▶ Task description: Write out nothing but the lines from the one containing "Ja. NovaPro11 spelar" through the last line below, both included, and without the pictures.

** Opening Information shown block **

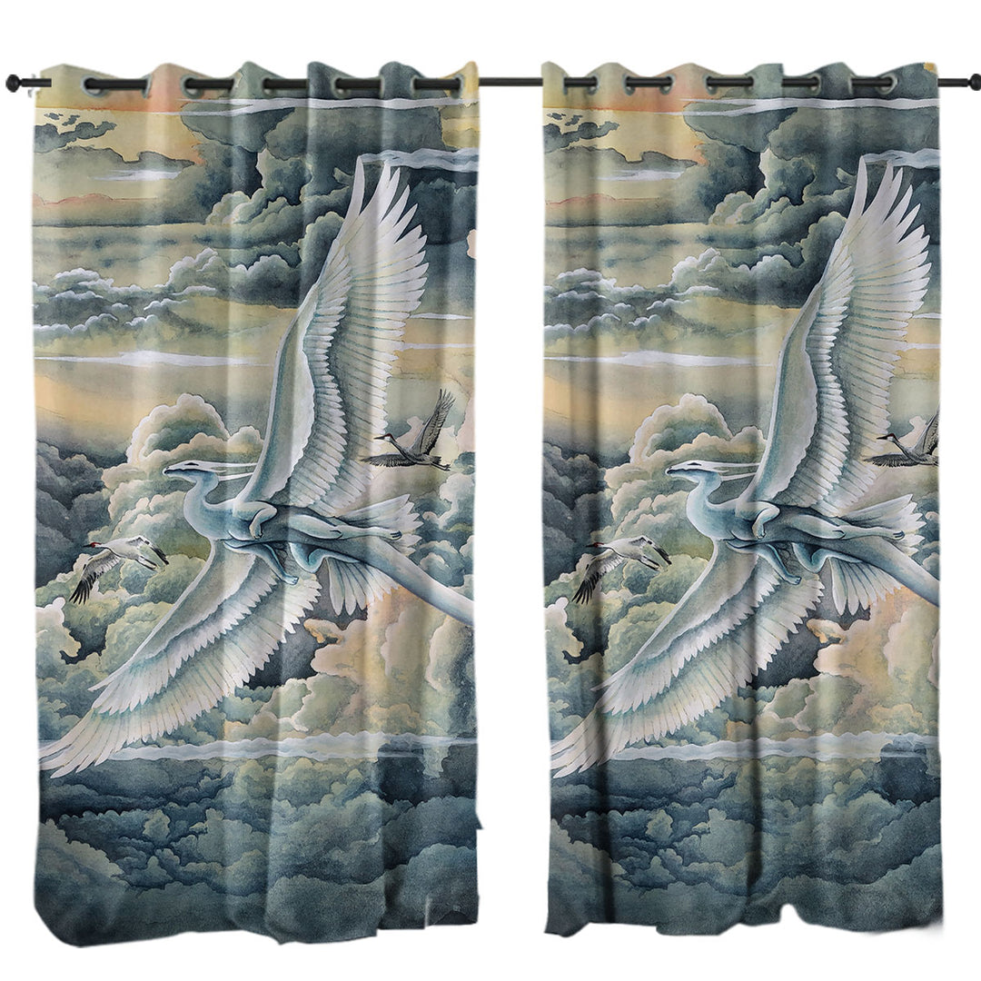 Fantasy Art Soaring Wonders Storks and Dragon Curtain
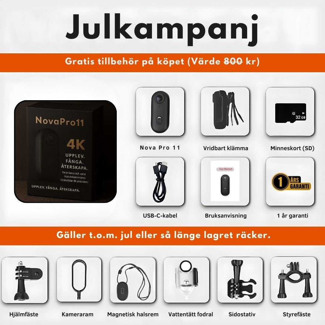 Ja. NovaPro11 spelar in äkta, kristallklar 4K-video. Resultatet blir professionell kvalitet som ser fantastiskt ut på mobil, surfplatta och stora skärmar.
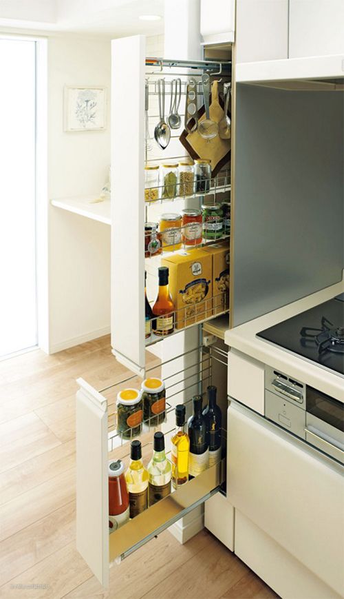 至于各种挂件、调料瓶,可以利用橱柜的多余空间设计一个抽拉式侧柜,完美进行收纳~
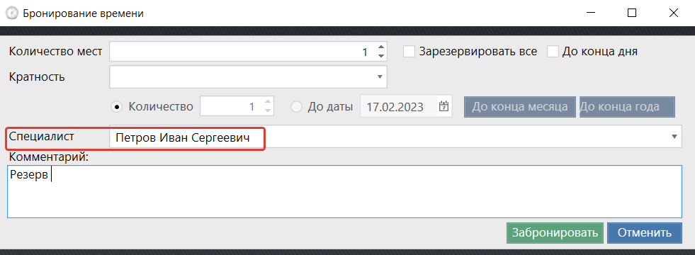 2. Зайти в расписание кабинета/назначения и при резерве указать специалиста.

** Closing Information shown block **

▶ Solution to this exercise:
 Ja. NovaPro11 spelar in äkta, kristallklar 4K-video. Resultatet blir professionell kvalitet som ser fantastiskt ut på mobil, surfplatta och stora skärmar.
 至于各种挂件、调料瓶,可以利用橱柜的多余空间设计一个抽拉式侧柜,完美进行收纳~
 2. Зайти в расписание кабинета/назначения и при резерве указать специалиста.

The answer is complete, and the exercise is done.